WORK TASK » For the entries below, copy exactly the line that contains "Makita DTW1002 to" through the line that contains "Schatten gebraucht wird.", both ends included, and exclude all pictures.

LISTED RECORDS »

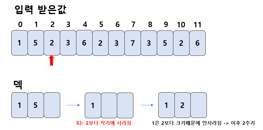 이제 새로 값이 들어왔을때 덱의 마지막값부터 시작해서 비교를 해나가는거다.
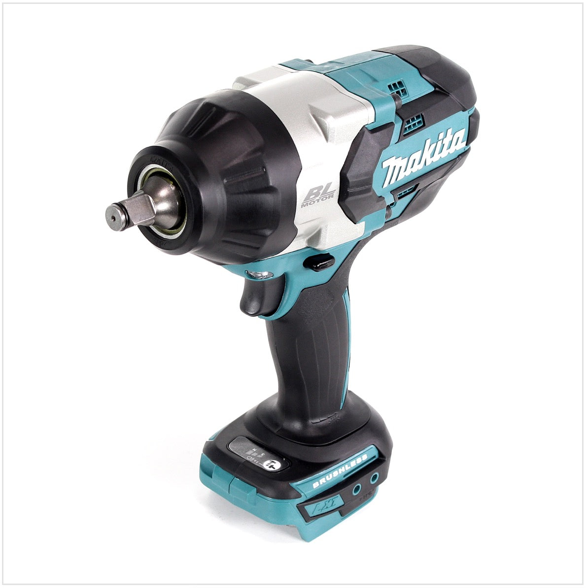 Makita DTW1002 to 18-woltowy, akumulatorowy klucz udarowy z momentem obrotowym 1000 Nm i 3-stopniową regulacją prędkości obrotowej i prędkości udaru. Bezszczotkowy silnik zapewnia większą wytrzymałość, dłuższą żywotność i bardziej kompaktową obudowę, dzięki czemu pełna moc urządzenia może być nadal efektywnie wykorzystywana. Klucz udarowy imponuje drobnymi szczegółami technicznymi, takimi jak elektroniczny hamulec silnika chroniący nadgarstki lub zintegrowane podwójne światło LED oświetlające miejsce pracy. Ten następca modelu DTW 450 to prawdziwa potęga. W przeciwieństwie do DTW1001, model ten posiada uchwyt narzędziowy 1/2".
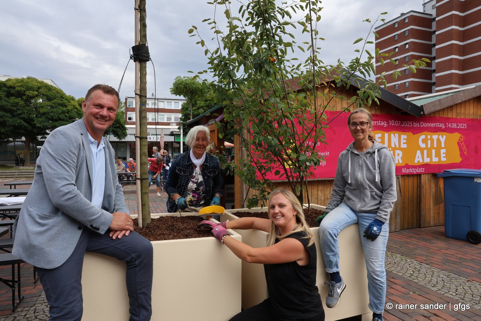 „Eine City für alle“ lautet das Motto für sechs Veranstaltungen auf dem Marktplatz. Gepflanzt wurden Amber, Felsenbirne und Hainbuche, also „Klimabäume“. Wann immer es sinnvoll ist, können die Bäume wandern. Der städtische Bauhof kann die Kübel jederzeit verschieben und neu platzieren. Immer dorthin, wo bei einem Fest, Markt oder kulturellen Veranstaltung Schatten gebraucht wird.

* * *

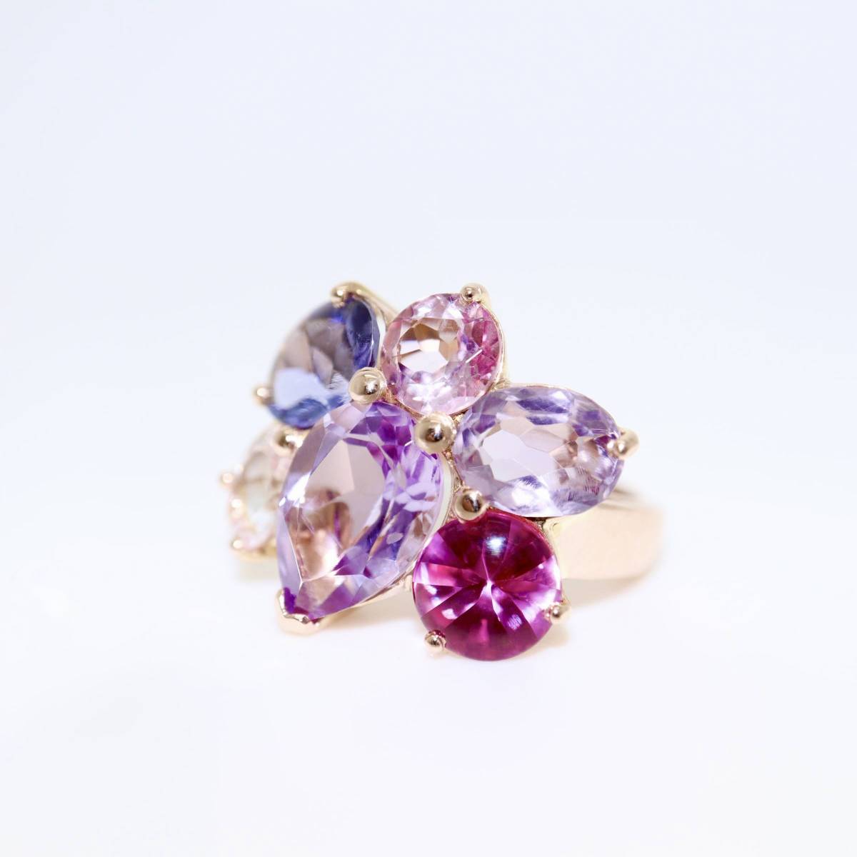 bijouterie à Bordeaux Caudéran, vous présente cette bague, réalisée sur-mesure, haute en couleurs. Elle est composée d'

...

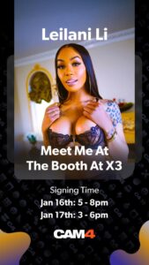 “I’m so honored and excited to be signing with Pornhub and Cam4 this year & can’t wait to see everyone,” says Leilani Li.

REPLY TO THE EXERCISE »
 Makita DTW1002 to 18-woltowy, akumulatorowy klucz udarowy z momentem obrotowym 1000 Nm i 3-stopniową regulacją prędkości obrotowej i prędkości udaru. Bezszczotkowy silnik zapewnia większą wytrzymałość, dłuższą żywotność i bardziej kompaktową obudowę, dzięki czemu pełna moc urządzenia może być nadal efektywnie wykorzystywana. Klucz udarowy imponuje drobnymi szczegółami technicznymi, takimi jak elektroniczny hamulec silnika chroniący nadgarstki lub zintegrowane podwójne światło LED oświetlające miejsce pracy. Ten następca modelu DTW 450 to prawdziwa potęga. W przeciwieństwie do DTW1001, model ten posiada uchwyt narzędziowy 1/2".
 „Eine City für alle“ lautet das Motto für sechs Veranstaltungen auf dem Marktplatz. Gepflanzt wurden Amber, Felsenbirne und Hainbuche, also „Klimabäume“. Wann immer es sinnvoll ist, können die Bäume wandern. Der städtische Bauhof kann die Kübel jederzeit verschieben und neu platzieren. Immer dorthin, wo bei einem Fest, Markt oder kulturellen Veranstaltung Schatten gebraucht wird.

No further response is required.